[Start of section]

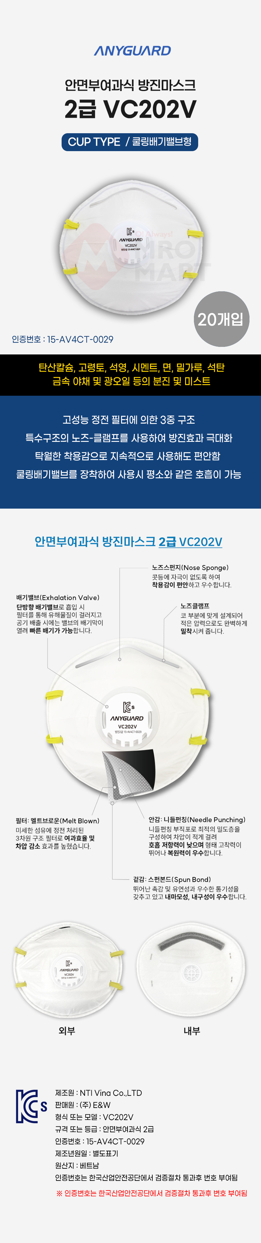 애니가드 VC202V 안면부여과식 방진 마스크 2급 밸브형 산업용 공업용 (20개입)
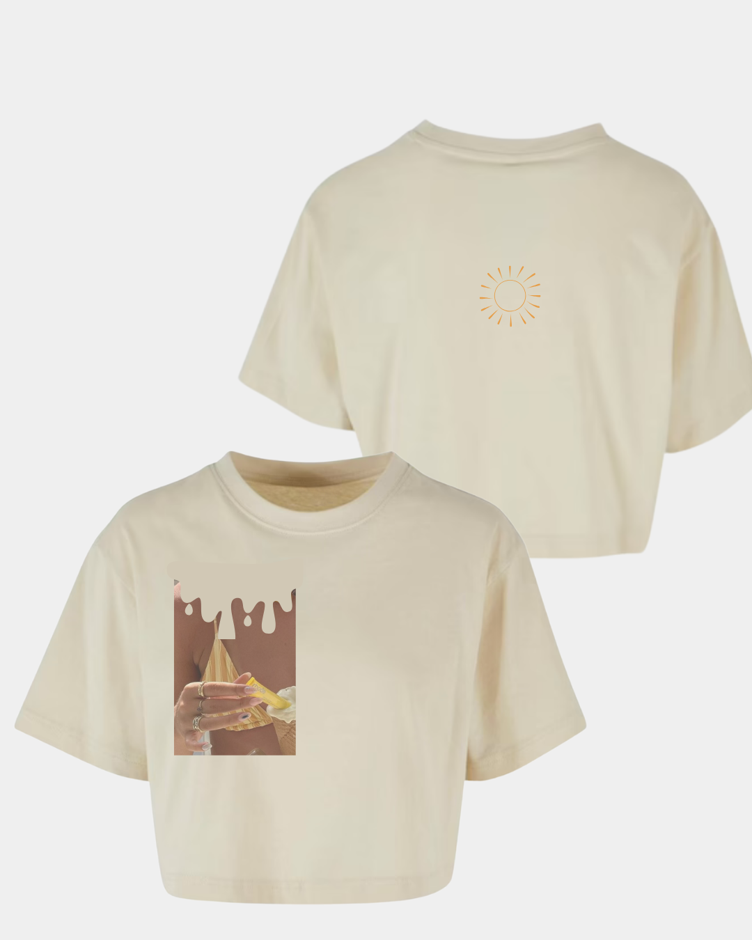 Bavlněný crop top s volným střihem, potiskem vpředu a jemným detailem na zádech.
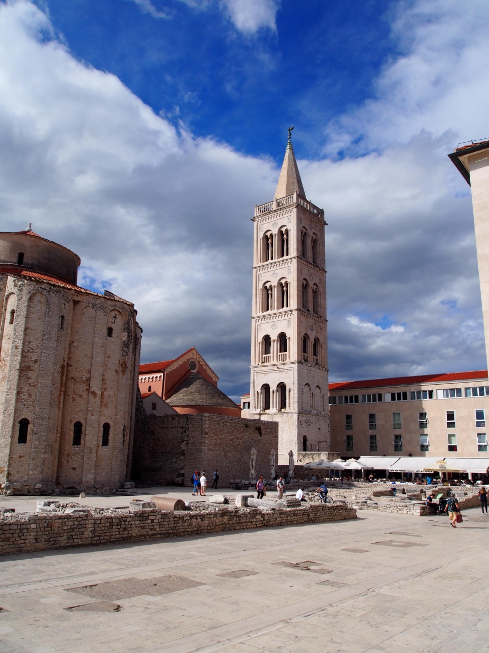 旧市街のフォーラムに聖ドナト教会とともに建っています。聖ドナト教会とその隣に見える聖ストシャ大聖堂の塔はザダルのシンボル的存在で、よく隣合わせに撮影した写真がガイドブックにも載っています。私が行った時は、塔が閉まっていて入れなかったのですが、ここからザダルの街が一望できるそうです。
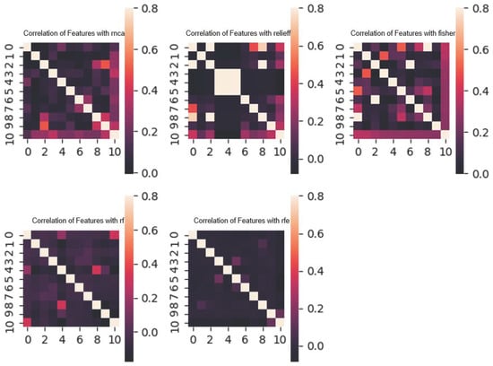 In order to verify the relationship between the selected features and categories, we use covariance to judge the correlation between features and display them in the form of thermal maps. As shown in Figure 12, the top ten features with the highest importance obtained by five feature selection methods and the correlation between tags are included. Number 10 represents class tags. In the heat map, the darker the color, the lower the correlation. RNCA, ReliefF, and Fisher have stronger correlation with categories than random forest and recursive elimination. Among them, there are more dark regions between various features of RNCA, indicating that the correlation between features is not strong and redundant features are less.
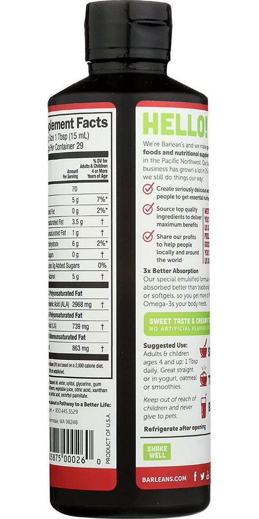Barlean's Organic Oils Seriously Delicious Strawberry Banana Smoothie from Flax Oil with 2,968 mgs of Omega-3 -Vegan, All Natural Fruit Flavor, Non-GMO, Gluten Free - 16-Ounce, Default
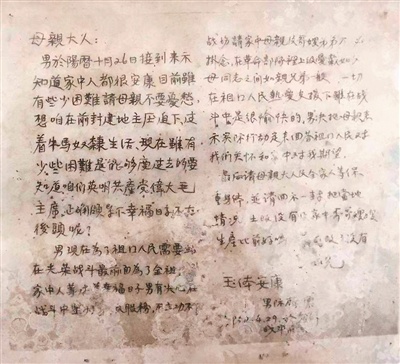 黄继光1951年3月报名参加中国人民志愿军,曾任志愿军第15军45师135团2营通信员。1952年4月29日,入朝作战1年的黄继光在战斗间歇,给妈妈邓芳芝写了一封信。
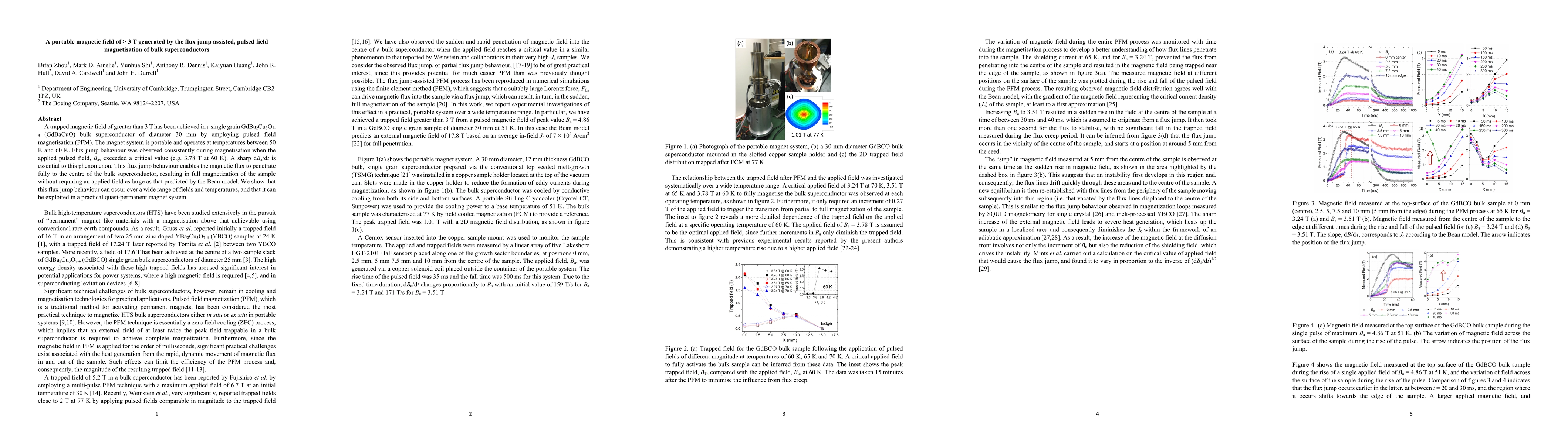 This paper reports the generation of a trapped magnetic field exceeding 3 T in a 30 mm diameter GdBaCuO bulk superconductor using pulsed field magnetisation, facilitated by a flux jump phenomenon. The portable magnet system operates efficiently at temperatures between 50 K and 60 K, enabling full magnetisation without requiring excessively large applied fields.

[End of section]

# EXERCISE PROMPT
An exact copy of the lines from the one with "Barlean's Organic Oils" through the end of the entries above, both included, is the whole answer. It contains no pictures.

# RESPONSE BELOW
Barlean's Organic Oils Seriously Delicious Strawberry Banana Smoothie from Flax Oil with 2,968 mgs of Omega-3 -Vegan, All Natural Fruit Flavor, Non-GMO, Gluten Free - 16-Ounce, Default
 黄继光1951年3月报名参加中国人民志愿军,曾任志愿军第15军45师135团2营通信员。1952年4月29日,入朝作战1年的黄继光在战斗间歇,给妈妈邓芳芝写了一封信。
 This paper reports the generation of a trapped magnetic field exceeding 3 T in a 30 mm diameter GdBaCuO bulk superconductor using pulsed field magnetisation, facilitated by a flux jump phenomenon. The portable magnet system operates efficiently at temperatures between 50 K and 60 K, enabling full magnetisation without requiring excessively large applied fields.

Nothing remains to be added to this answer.